I took 100mg L-theanine about 5 times (when I had reflux) over a period of two weeks. I stopped the experiment early because L-theanine seems to make me anxious and/or give me heart palpitations. It's not supposed to do that at all, so I'm not sure it wasn't just coincidence or imaginary. But, to be safe, no more L-theanine for me. Besides, based on my limited experience with it, I don't think it helped my reflux that much.

I'm going to move away from anti-reflux measures for a little while to focus on some core Barrett's esophagus chemopreventation strategies. I will return to anti-reflux measure after I complete a few more experiments. Stay tuned.

Does Reflux Matter?

Most cases of esophageal adenocarcinoma start with Barrett's esophagus and most cases of Barrett's esophagus start with reflux. Does it follow that stopping reflux can halt the cancerous progression of Barrett's esophagus? I'm not so sure.

As you would expect, reflux isn't made up of just acid. It includes partially digested food, bacteria, stomach acid, and bile, among other constituents. And, it seems that both acid and bile reflux play important roles in the development of Barrett's esophagus.

It is not as clear that reflux causes Barrett's esophagus to progress to cancer as it is that reflux causes Barrett's esophagus to develop in the first place. For example, surgical correction of the lower esophageal sphincter doesn't seem to be better than acid suppression at reducing the risk cancer in people with Barrett's esophagus. Likewise, consumption of substances, like alcohol, that increase reflux don't seem to be significantly associated with the progression of Barrett's esophagus to cancer. On the other hand, excessive consumption of alcohol in early-life (presumably before the development of Barrett's esophagus) is strongly associated with having Barrett's esophagus later in life.

One manner in which reflux may contribute to the cancerous progression of Barrett's esophagus is by causing damage to the esophagus that results in chronic inflammation. Acid suppression seems to reduce this chronic inflammation, which is why I take a PPI every day. There are different viewpoints on whether acid suppression is cost-effective chemoprevention for esophageal adenocarcinoma - for example, see this. Having studied both sides of the debate, I suspect it's wise to suppress acid at least enough to control chronic inflammation. Unfortunately, there have been no placebo controlled trials on the efficacy of PPIs for chemoprevention of esophageal adenocarcinoma, so we don't know for sure and are unlikely to know for some time.

Beyond contributing to chronic inflammation, I suspect that reflux plays a relatively minor role in the progression of Barrett's esophagus to cancer. Instead, my guess is that once a person gets Barrett's esophagus, the Barrett's cells that have formed are on march towards cancer that is principally modulated by (i) inflammation, (ii) diminished genetic stability/cellular adhesion, and (iii) poor immune response.

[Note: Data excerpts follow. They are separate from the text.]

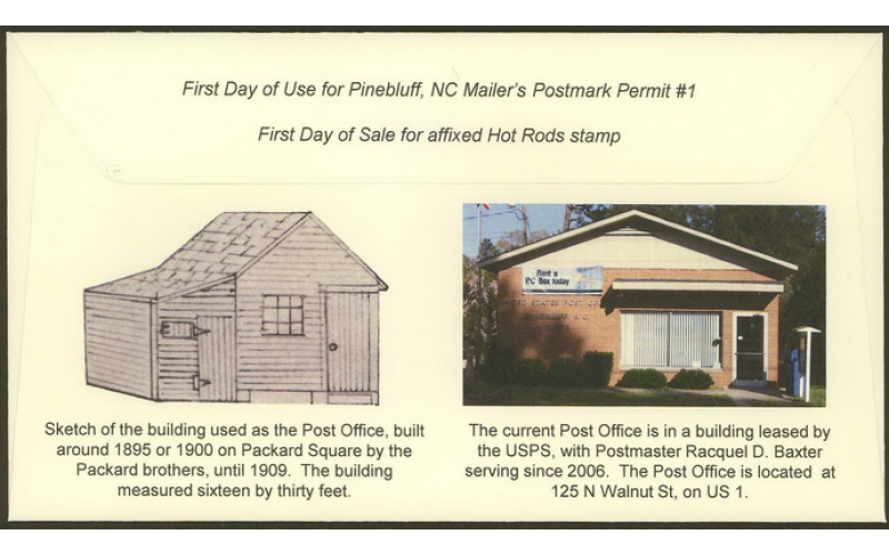 Text of Cachet, Back:First Day of Use for Pinebluff, NC Mailer’s Postmark Permit #1
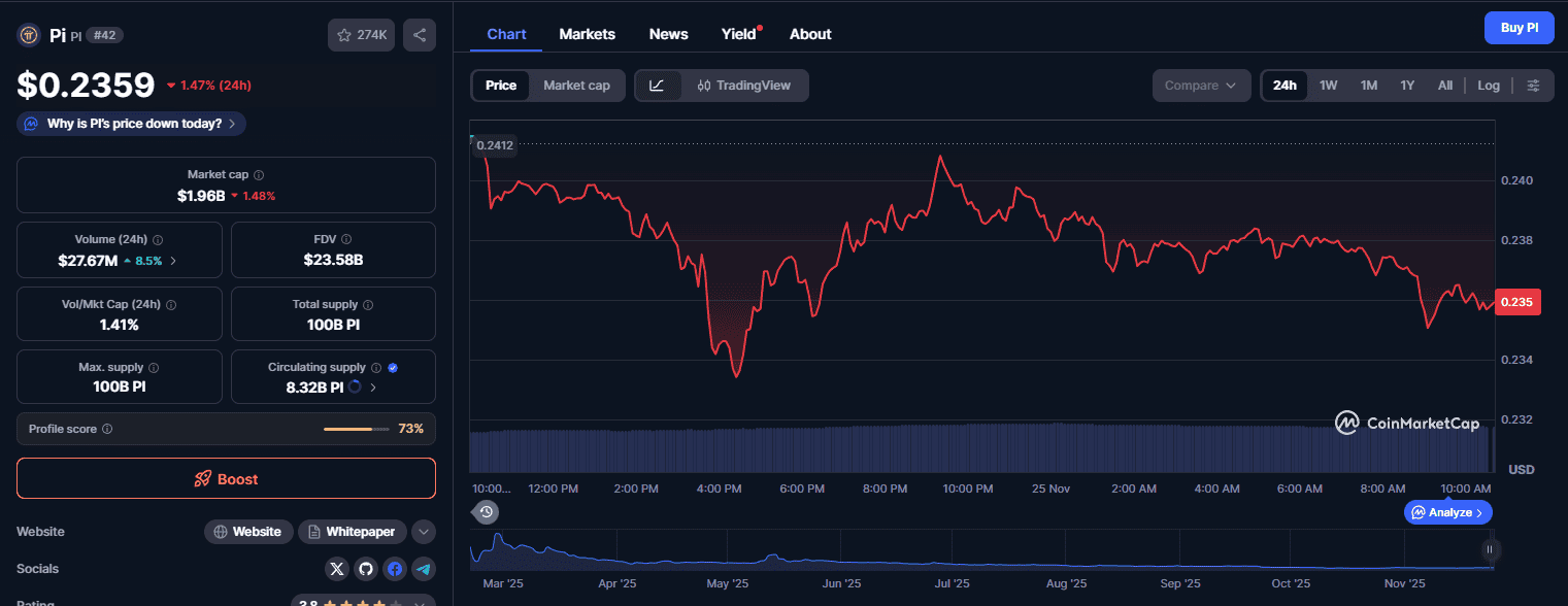 Pi PI +0.96% Network is no exception. Although the off-market value of $0.2358 still circulates across dashboards, thousands of holders are expressing growing frustration as Pi remains unlisted and without a confirmed mainnet timeline.
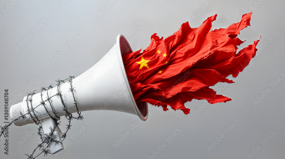 Megafon mit chinesischer Flagge und Stacheldraht – Symbol für Zensur #1309148704
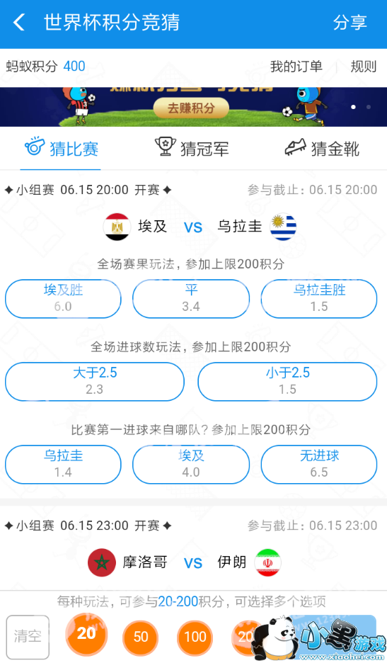 虽然支付宝不能买球,但是为了迎接2018世界杯,支付宝推出了一个世界杯竞猜活动,大家可以通关竞猜活动来赚取蚂蚁积分。

That said, I still worry about reflux for three reasons:

1. Since I only have short segment Barrett's esophagus (about 1 cm), there are still many more cells in the vicinity of my dysfunctional LES that could "go rogue" (i.e., become Barrett's esophagus cells). Since the the chance of progressing to cancer seems to depend, to some extent, of the amount of Barrett's cells one has, I would like to have fewer Barrett's cells if possible.

2. Acid suppression doesn't do much to prevent bile reflux, and bile reflux may contribute to inflammation.

3. There's a chance that reflux is a player (beyond its effect on inflammation) in the progression of esophageal cancer after all.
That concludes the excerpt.